Friday 12 February 2016

I'll pass on 'pushing the boundaries', thanks

"This magazine is looking for stories that push the boundaries in form and voice."  So a new SF magazine announced this week.  There goes another gimmicky market it's not worth me submitting to.

This isn't a question of lack of self belief, or of belief in my writing. It's a declaration of self-knowledge and strength.  I've read the starts of a lot of these "pushing the boundaries" stories recently.  And I've rarely got past the second or third paragraph before I'm bored silly.

Often the ideas in these stories are totally impractical.  Tech migh be able to do wonderful things very quickly, but I simply refuse to believe that the human body will be able to change its skin colour every day any time in the near future.  Biology  needs more time to evolve, but why would it evolve to do that?  What evolutionary advantage would it give us?

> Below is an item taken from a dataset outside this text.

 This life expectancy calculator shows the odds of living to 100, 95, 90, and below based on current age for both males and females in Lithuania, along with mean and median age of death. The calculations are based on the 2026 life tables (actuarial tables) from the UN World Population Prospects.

And that's my problem with a lot of these "pushing the boundaries" stories.  They haven't just pushed the boundaries, they've destroyed them.  So many of them have no points of reference with the science we know today,  and yes, I know we can't predict how radically tech will change our lives in the future.  But while the tech may change at lightning speed, human biology won't.  At least, not naturally.  Genetic modification might make some radical changes, but I suspect we'd find out what we  don't know about the process pretty quick.  And most likely in negative ways like terminal illnesses.

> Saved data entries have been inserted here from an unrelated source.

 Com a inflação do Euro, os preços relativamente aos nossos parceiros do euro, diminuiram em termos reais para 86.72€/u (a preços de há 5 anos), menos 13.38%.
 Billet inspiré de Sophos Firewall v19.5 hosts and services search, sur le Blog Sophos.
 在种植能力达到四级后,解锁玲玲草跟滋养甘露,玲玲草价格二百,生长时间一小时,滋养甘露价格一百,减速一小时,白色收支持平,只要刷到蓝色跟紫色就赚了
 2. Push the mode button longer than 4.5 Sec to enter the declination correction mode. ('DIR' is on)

Others of these "boundary" stories have left me thinking "is that it?" when I've reached the end.  So  you've had one off-the-wall idea and spewed it onto the page.  But that's just an idea, not a story,  and ideas are a dime a dozen.

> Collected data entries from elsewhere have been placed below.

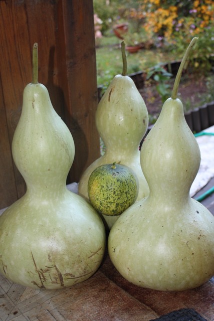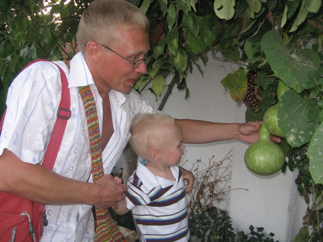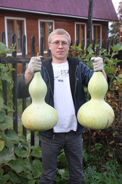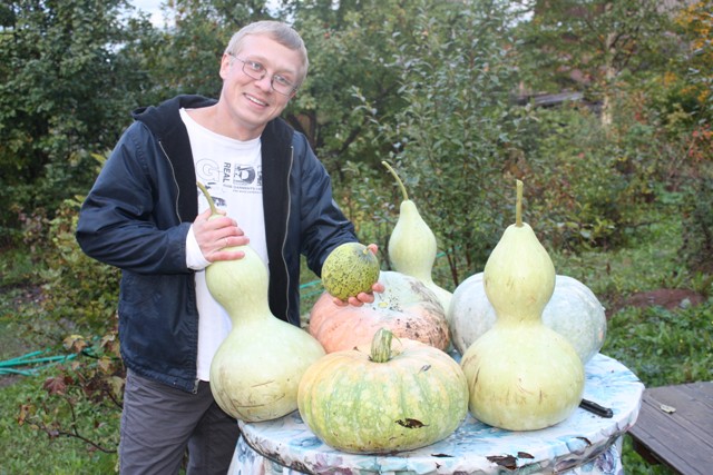 Максималист Опубликовано 12 сентября, 2012 Опубликовано 12 сентября, 2012 Любить и жаловать. Бутылочная тыква - лагенария. Большая оранжевая- мускатная крупноплодная, мелочь - дыня (одна из многих, сорт один фиг не помню). Как-то так :) Исходная, материнская лагенария, размером была совсем чуть. Щас поищу... вот она, мелочь пузатая. 7
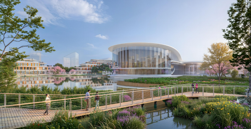 以营造自然和谐的滨水生态环境为核心,为师生提供观景、交流、静思与学习的多样化场所,拟重点打造富有活力与生态意趣的水岸休闲空间。
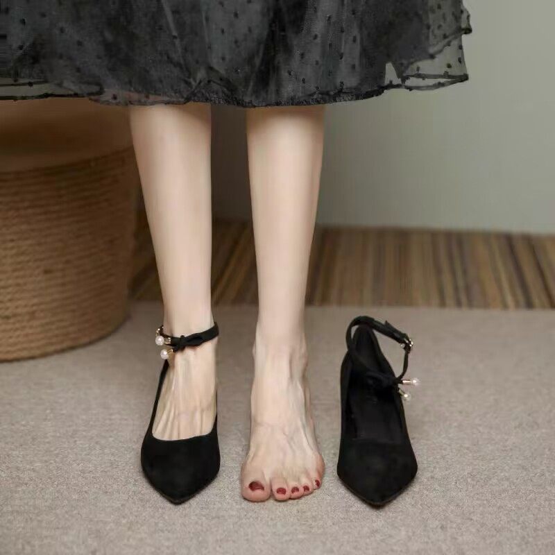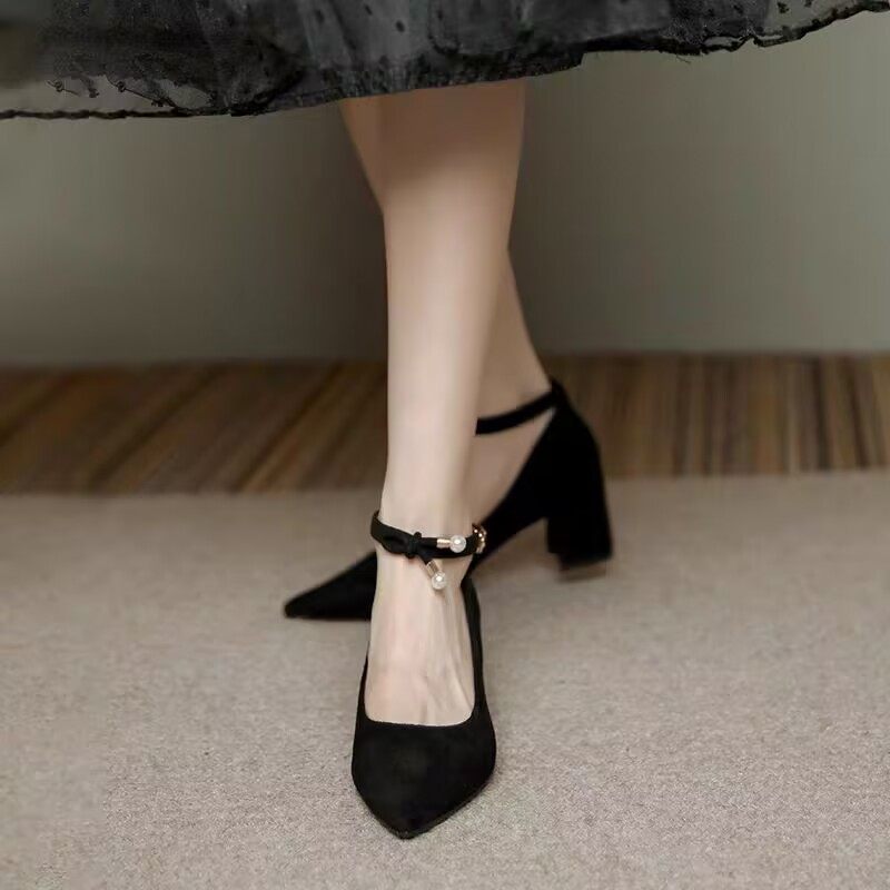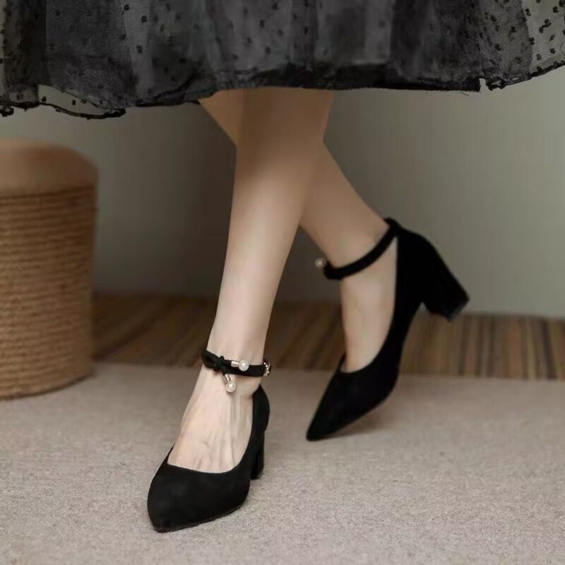春季配裙子高跟鞋设计感气质名媛风一字带珍珠单鞋女粗跟中跟女鞋
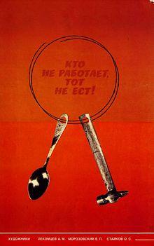 In the USSR work is a duty and a matter of honor for every able-bodied citizen, in accordance with the principle: "He who does not work, neither shall he eat".

This is where I usually part company with the "pushing the boundaries" stories.  The envelope becomes so pushed that it's totally unrecognisable as an envelope.  Stories start somewhere, they progress somewhere, and they end somewhere.  Beginning, middle, end.  Not always presented in that order, but always there somewhere.  Without them there is no story.

Without them what's left is no more tnan a character or idea sketch showing off the shiny new idea. And I have a hard time caring about those.  So I'll pass on pushing the boundaries, thanks.